There are several ways to buy a property. But if your goal is to buy a home priced below conventional market rates, real estate auctions are a place packed with quality but relatively inexpensive homes. On the other hand, you should be guided about the risks of selecting a property placed at auction.

Essentially, a property put up for auction is a foreclosed property. Once a homeowner receives a Notice of Default, they move closer to foreclosure and would then go through several stages to put themselves up for sale. One of which is the auction. Properties within this setting are those that did not sell through multiple listing services in a given period of time. These houses are generally intended for large investors or buyers backed with a lump sum of money. This is because the process requires full withdrawal of the money once the offer is approved. This type of property is not recommended for a first-time homebuyer to purchase. Most properties sold through auctions require potential buyers to shell out a 5 percent buyer’s premium. One needs to have perceptive skills to offer an attractive offer that can topple other competitive bidders. The difficulty increases when even the lender makes an offer.
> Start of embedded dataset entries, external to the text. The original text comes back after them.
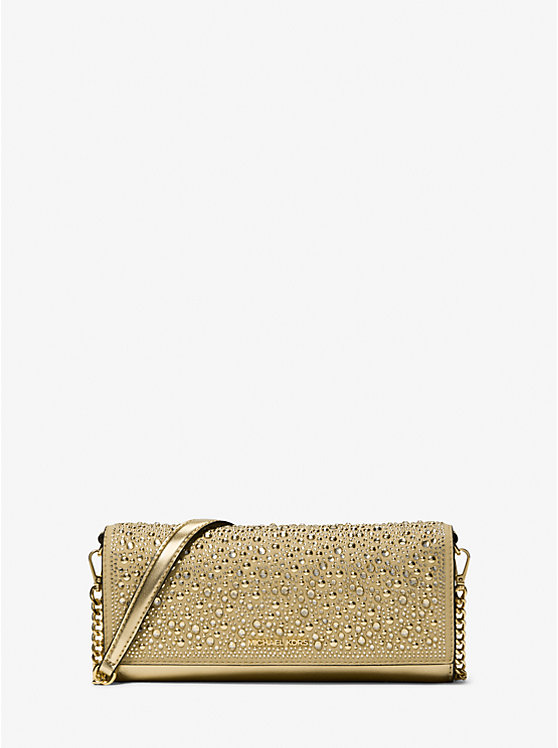Jet Set Medium Embellished Metallic Leather Clutch
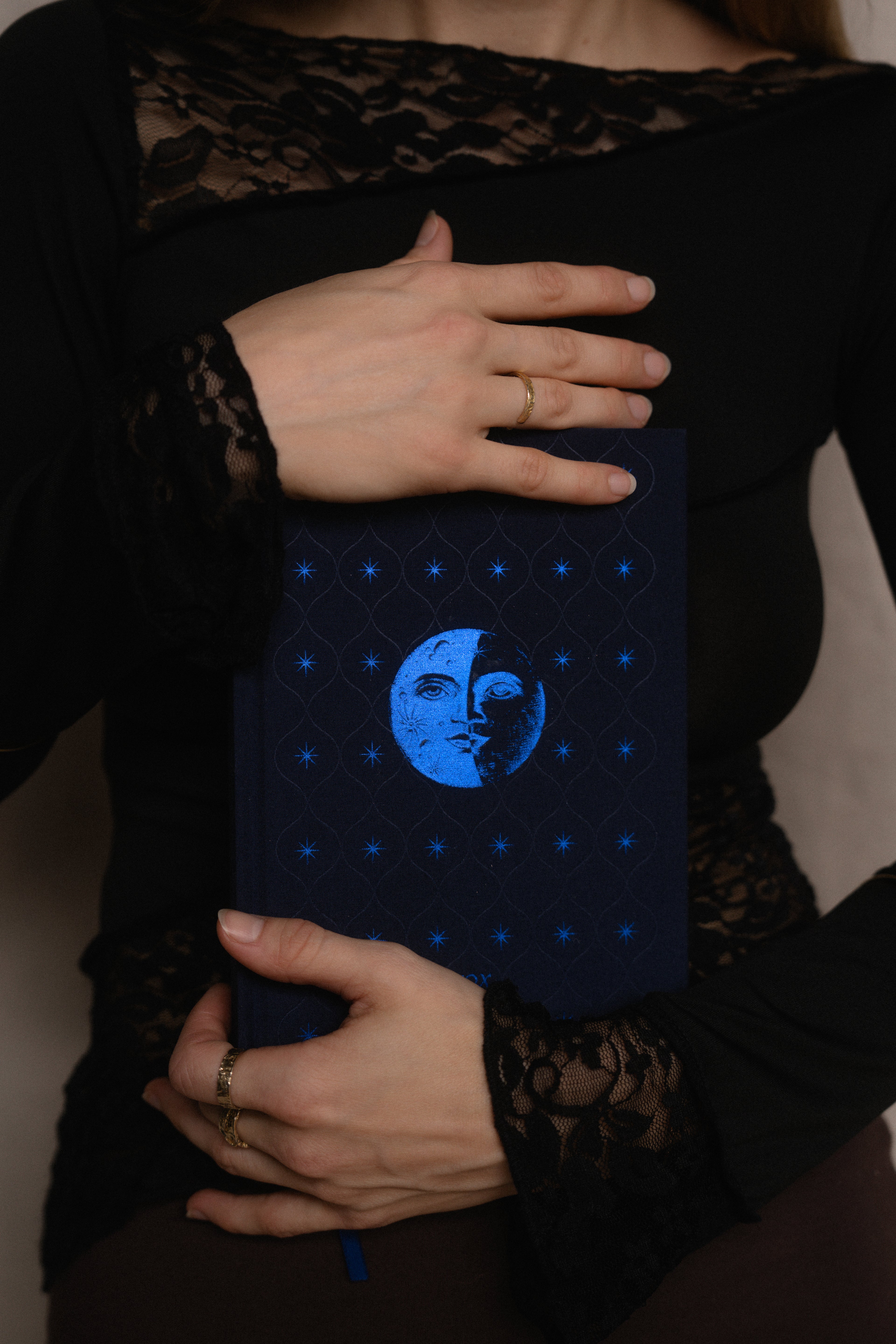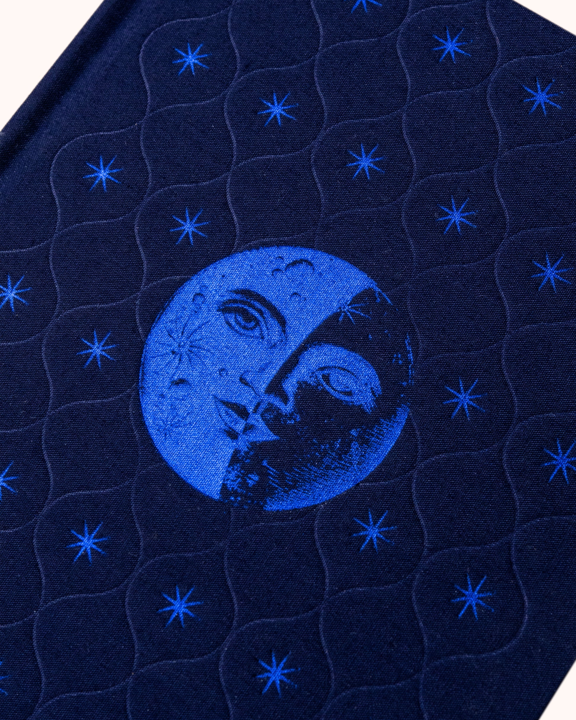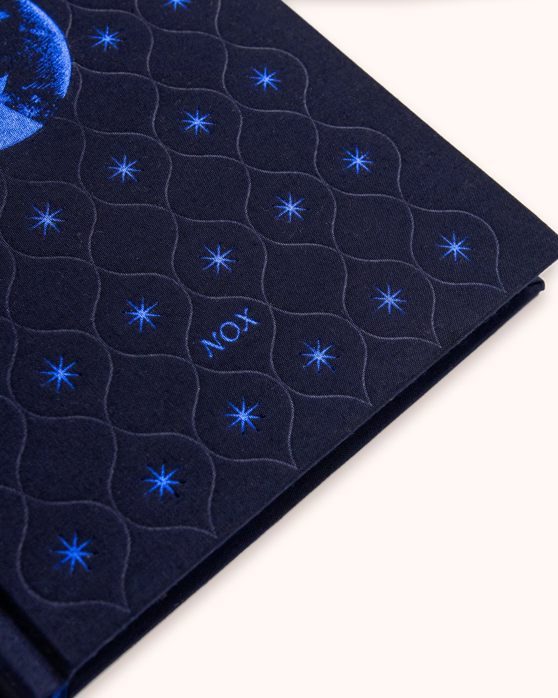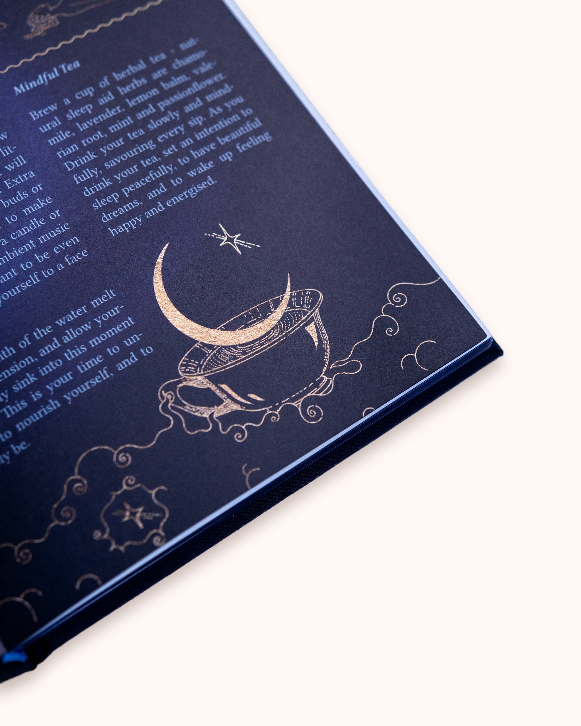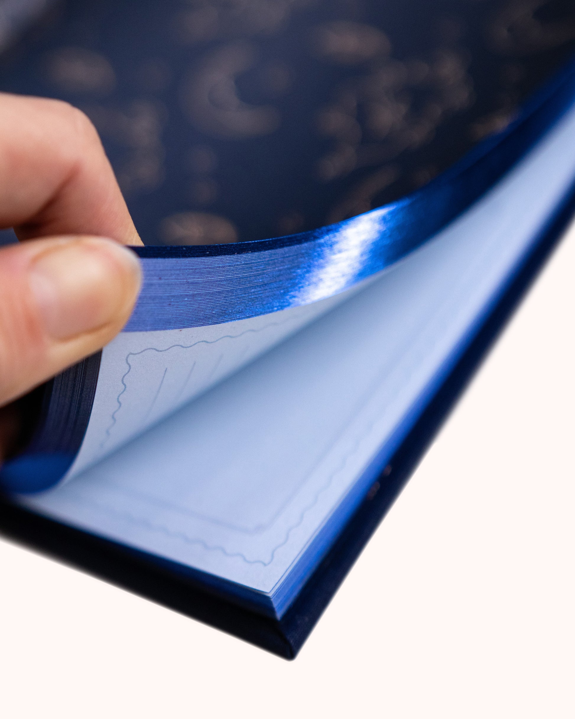 Adorned in indigo blue foil...
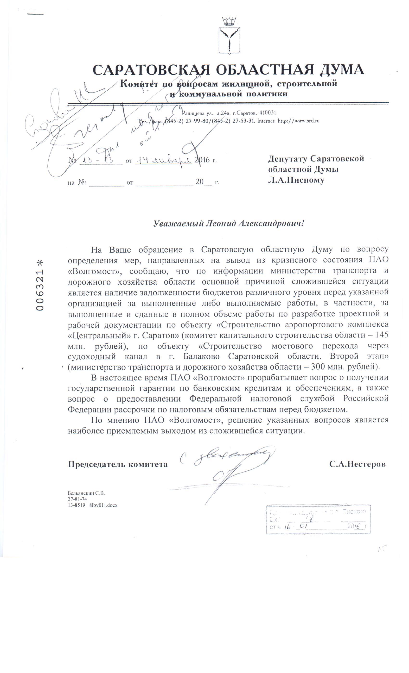 Уважаемый Виктор, я смотрю за ситуацией, связанной с «Волгомостом». Мне точно так же безумно жаль, но не хочу, чтобы Вы питали какие-то иллюзии. Ситуация, связанная с банкротством и вообще с экономикой таких крупных предприятий, она не решается спонтанно. Поэтому всё, что я Вам обещаю, это я обращусь к руководителю профильного комитета думы Нестерову, чтобы он попробовал организовать совещание вместе с правительством на тему ситуации с «Волгомостом». Если получится — по крайней мере, мы хоть будем иметь картинку, что и как там происходит.
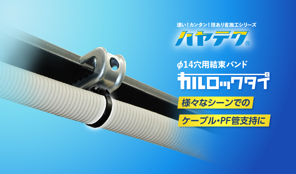 結束バンドと支持具が一体化しているため、サイズ選定不要で簡単施工。施工時間と部材選定の手間を大幅に削減します。

On the other hand, buying a repossessed property through online auctions carries other unique risks. Unlike real auctions, you cannot easily inspect the property. Be prepared to own a property as it is. Say, the oven doesn’t work right, you can’t just go back and ask the landlord to fix it. By contrast, the previous owner can claim a property within a redemption period. This happens when the owner recovers his finances, pays off his loan, and then saves his property from foreclosure. The property cannot be fully owned until such period expires. Most states have this mechanism. The length of the period and the rules on who is eligible to redeem vary by state and/or county. New Jersey allows 10 days and Tennessee has up to 700 days for the redemption period. Keep in mind that this system generally occurs in agricultural areas where farmers are waiting for payment for their crops, which would then go towards repaying their loan. You can also ask the owner of the house if he can buy the right of redemption from him. It usually costs between $500 and $1,000.

Be careful what you are buying. Some auctions mask the sale of mortgages and liens on the property itself. It would be unfortunate if you accidentally bought a second mortgage on a house. Therefore, it is better that you make sure of the auction rules and the specifications of the property before you deposit your money. But despite these risks, it’s actually much more convenient to participate in online auctions. It’s also a factor that may have contributed to increased clamor and exposure of more foreclosed properties at auction. Many buyers prefer online auctions as they are less intimidating. There is also the advantage of not reserving a space to be a qualified bidder. For example, you can bid $250,000 in an online auction, pay only 10 percent, and borrow 90 percent. Other courthouse auctions require more guarantees. On the other hand, if you won the offer, you should get the cash in a timely manner.

If you are a veteran real estate investor, then you can enjoy the advantages of owning this property. First of all, you can have massive savings. Immediate ownership is guaranteed as you must deposit all cash up front. There are numerous properties up for auction that cost well below their original value. For one in Ohio, a two-story home converted into a multi-family duplex apartment sold at unreserved auction for just $3,200, while its value was $35,000. This 1,900-square-foot property has 11 rooms. Although this particular house needed some repairs and cleaning, there is a noticeable saving in its price.